(Records contained in a dataset)

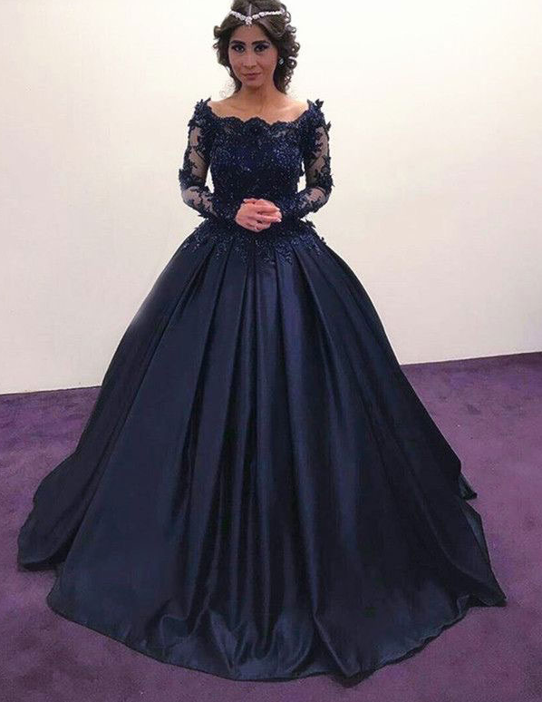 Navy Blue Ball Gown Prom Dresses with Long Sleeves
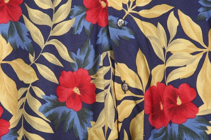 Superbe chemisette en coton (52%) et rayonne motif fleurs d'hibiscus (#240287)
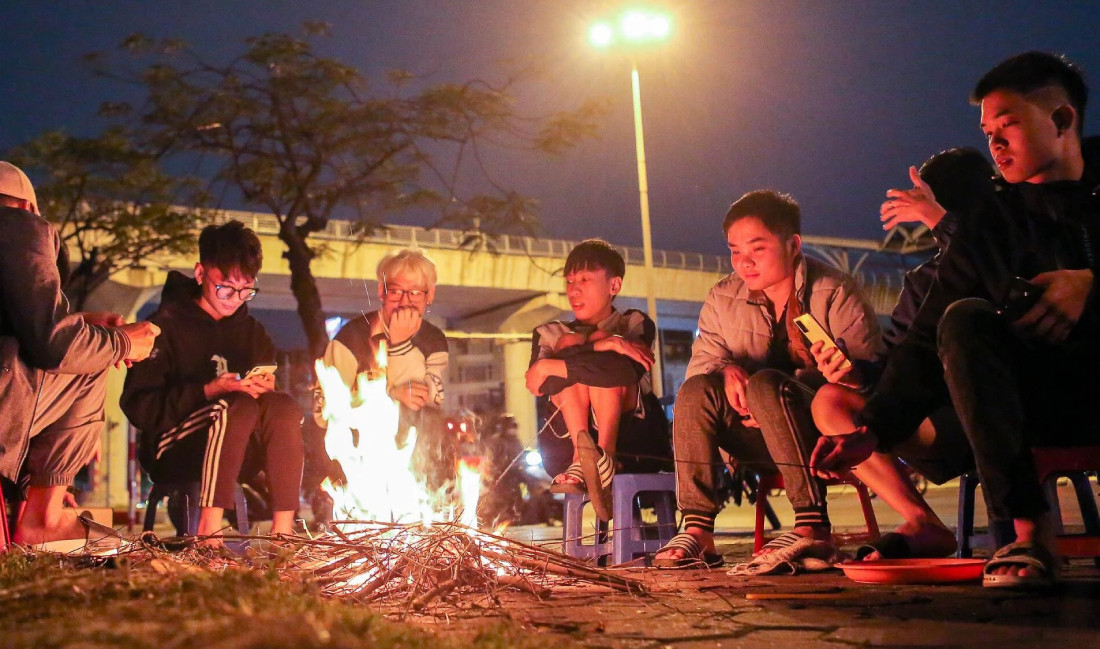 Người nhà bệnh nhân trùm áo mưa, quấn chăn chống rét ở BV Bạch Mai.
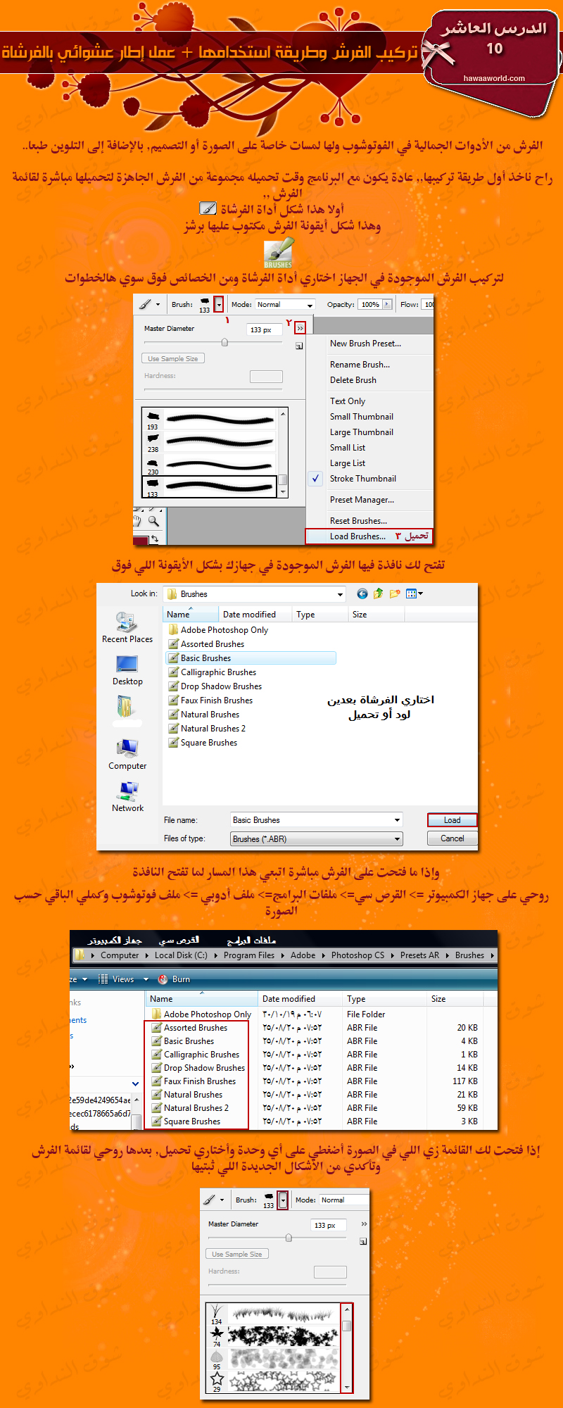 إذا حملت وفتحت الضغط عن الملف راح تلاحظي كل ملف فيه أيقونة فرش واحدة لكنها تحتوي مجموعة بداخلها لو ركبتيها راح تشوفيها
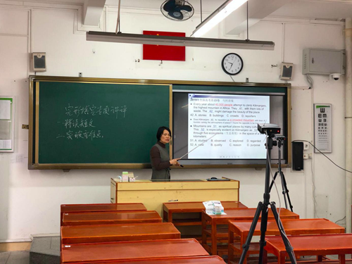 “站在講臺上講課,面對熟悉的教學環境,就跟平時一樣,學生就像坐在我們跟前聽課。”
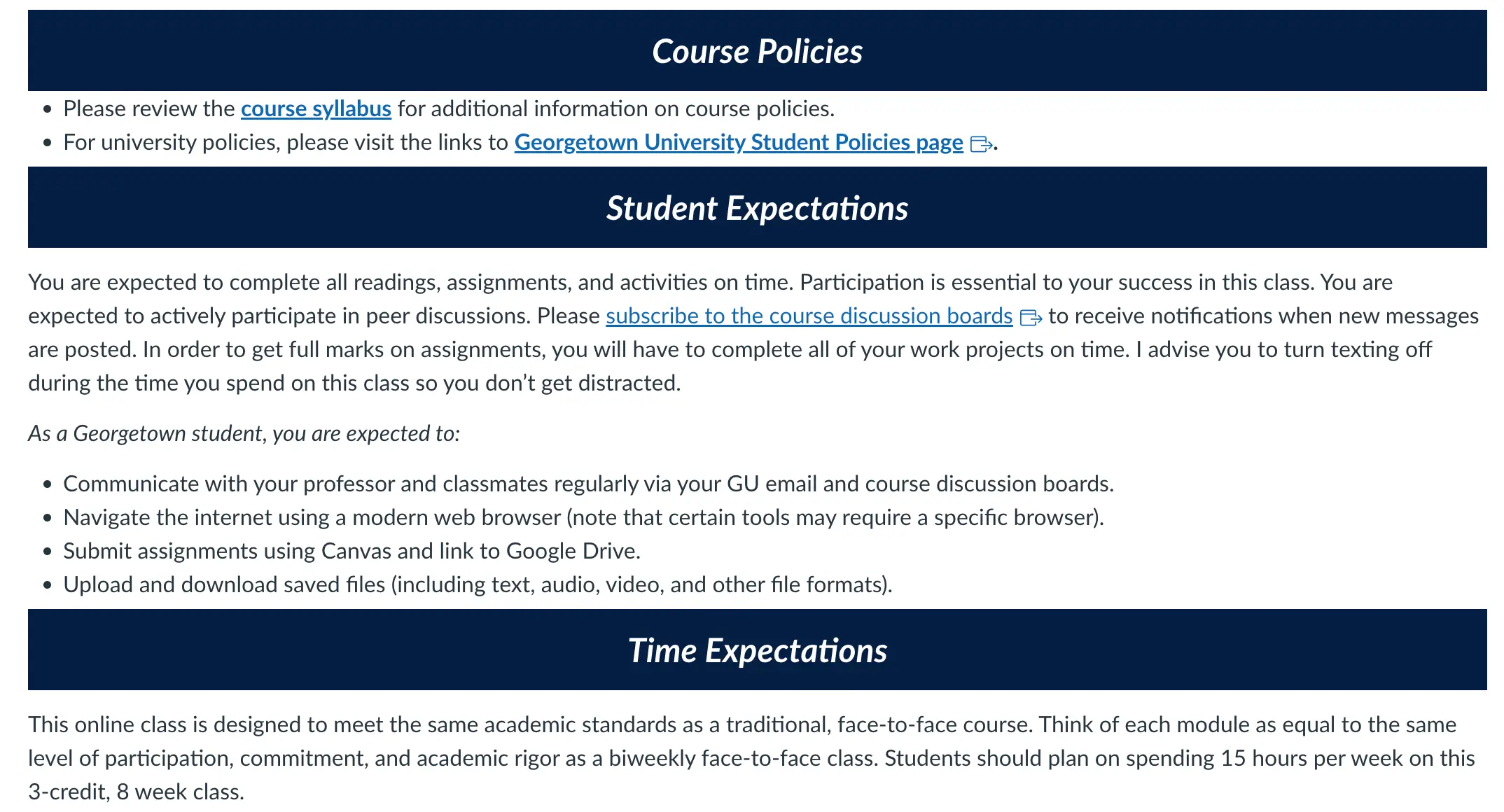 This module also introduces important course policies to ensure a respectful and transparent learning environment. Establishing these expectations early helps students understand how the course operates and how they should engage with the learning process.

Assignment:
Copy out all of the entries exactly as they stand, with no pictures in your copy.

Answer space:
 Navy Blue Ball Gown Prom Dresses with Long Sleeves
 Superbe chemisette en coton (52%) et rayonne motif fleurs d'hibiscus (#240287)
 Người nhà bệnh nhân trùm áo mưa, quấn chăn chống rét ở BV Bạch Mai.
 إذا حملت وفتحت الضغط عن الملف راح تلاحظي كل ملف فيه أيقونة فرش واحدة لكنها تحتوي مجموعة بداخلها لو ركبتيها راح تشوفيها
 “站在講臺上講課,面對熟悉的教學環境,就跟平時一樣,學生就像坐在我們跟前聽課。”
 This module also introduces important course policies to ensure a respectful and transparent learning environment. Establishing these expectations early helps students understand how the course operates and how they should engage with the learning process.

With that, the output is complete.